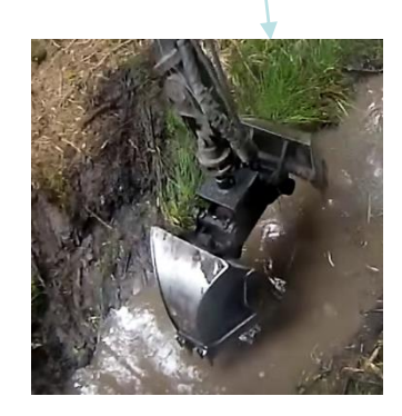
Small ditch building
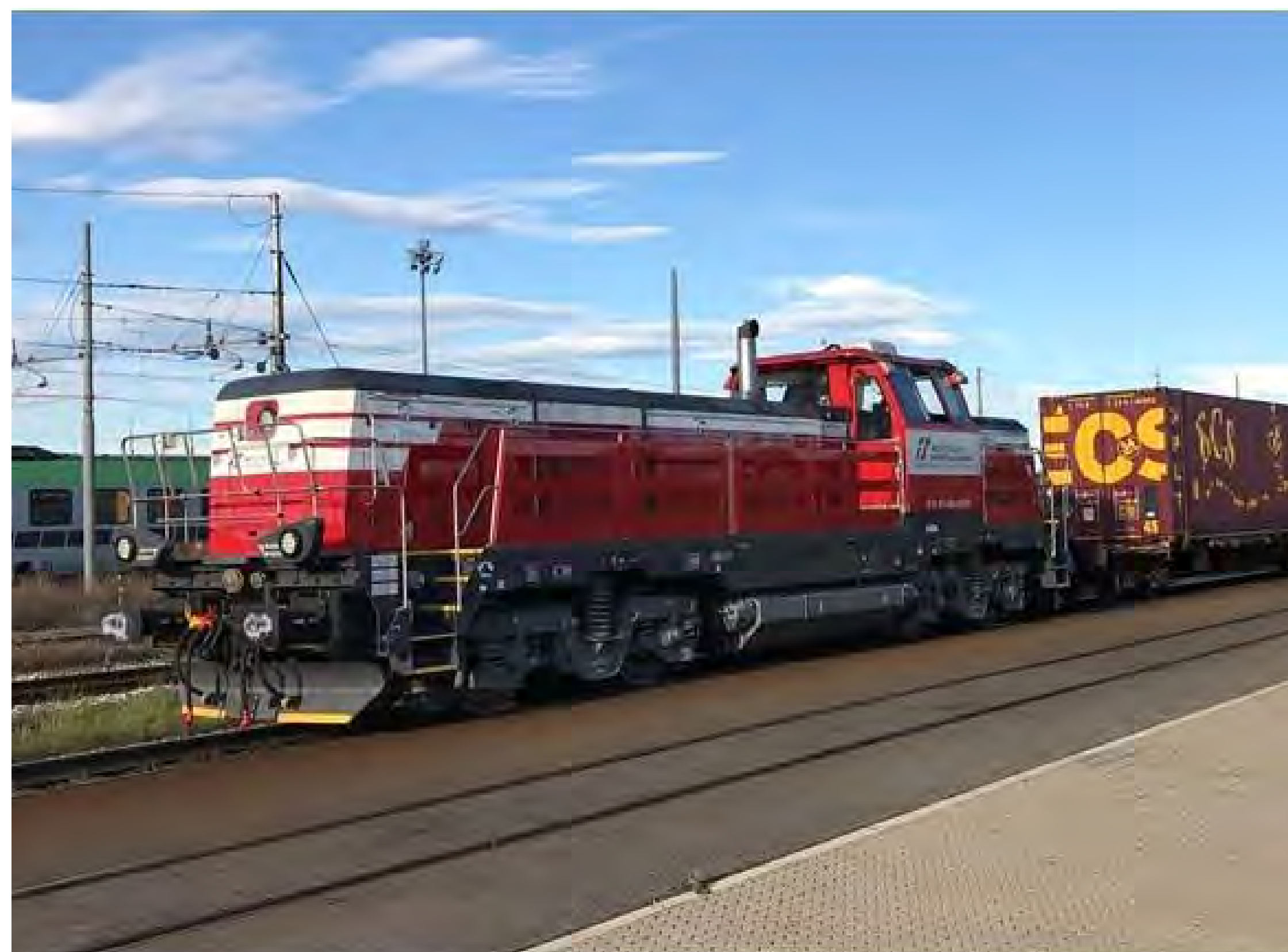
Photo: EffiShunter 1000 of the Italian company Mercitalia Shunting & Terminal on a shunting service at the logistics center in Novaire, Italy.

For CZ LOKO, the conquest of the Slovenian and Italian markets is a great success, confirming that the term "Czech Product" is again associated with the quality and satisfaction of the client. After the latest successes in Finland, the Baltic, Italy, Turkey and Slovenia, CZ LOKO intends to continue expanding to other countries where Czech locomotives have traditionally never been operated.
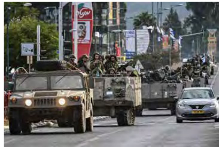
Israeli soldiers patrol in armoured personnel carriers at an undisclosed position in northern Israel near the border with Lebanon

"(Israel) should listen earnestly to the calls of the international community and the UN secretary general, and cease its collective punishment of the people of Gaza," Wang added in a change from Beijing's earlier ambiguous statements on the conflict. Yesterday, speaking on CBS, White House National Security
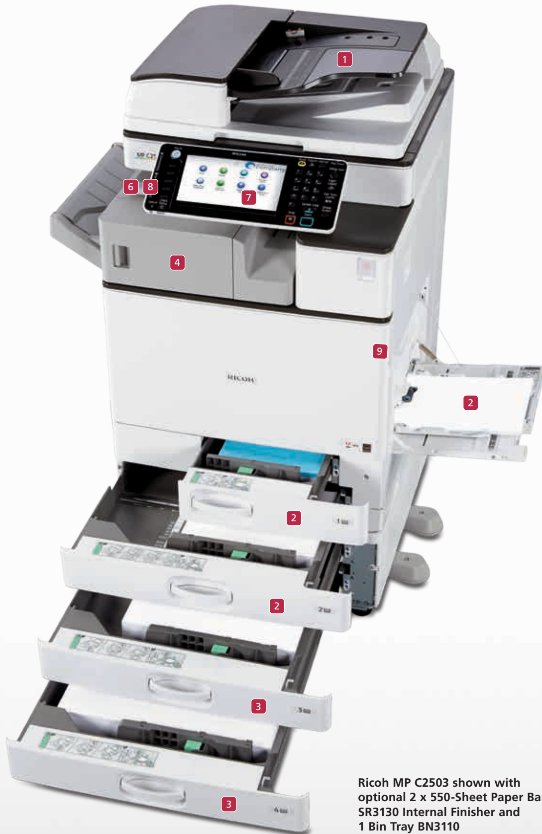
Ricoh MP C2503 shown with optional 2 x 550-Sheet Paper Bank, SR3130 Internal Finisher and 1 Bin Tray BN3110

________________

Would you set down every line of the data above exactly, skipping the pictures?

**Exercise answer:**
Small ditch building
Photo: EffiShunter 1000 of the Italian company Mercitalia Shunting & Terminal on a shunting service at the logistics center in Novaire, Italy.

For CZ LOKO, the conquest of the Slovenian and Italian markets is a great success, confirming that the term "Czech Product" is again associated with the quality and satisfaction of the client. After the latest successes in Finland, the Baltic, Italy, Turkey and Slovenia, CZ LOKO intends to continue expanding to other countries where Czech locomotives have traditionally never been operated.
Israeli soldiers patrol in armoured personnel carriers at an undisclosed position in northern Israel near the border with Lebanon

"(Israel) should listen earnestly to the calls of the international community and the UN secretary general, and cease its collective punishment of the people of Gaza," Wang added in a change from Beijing's earlier ambiguous statements on the conflict. Yesterday, speaking on CBS, White House National Security
Ricoh MP C2503 shown with optional 2 x 550-Sheet Paper Bank, SR3130 Internal Finisher and 1 Bin Tray BN3110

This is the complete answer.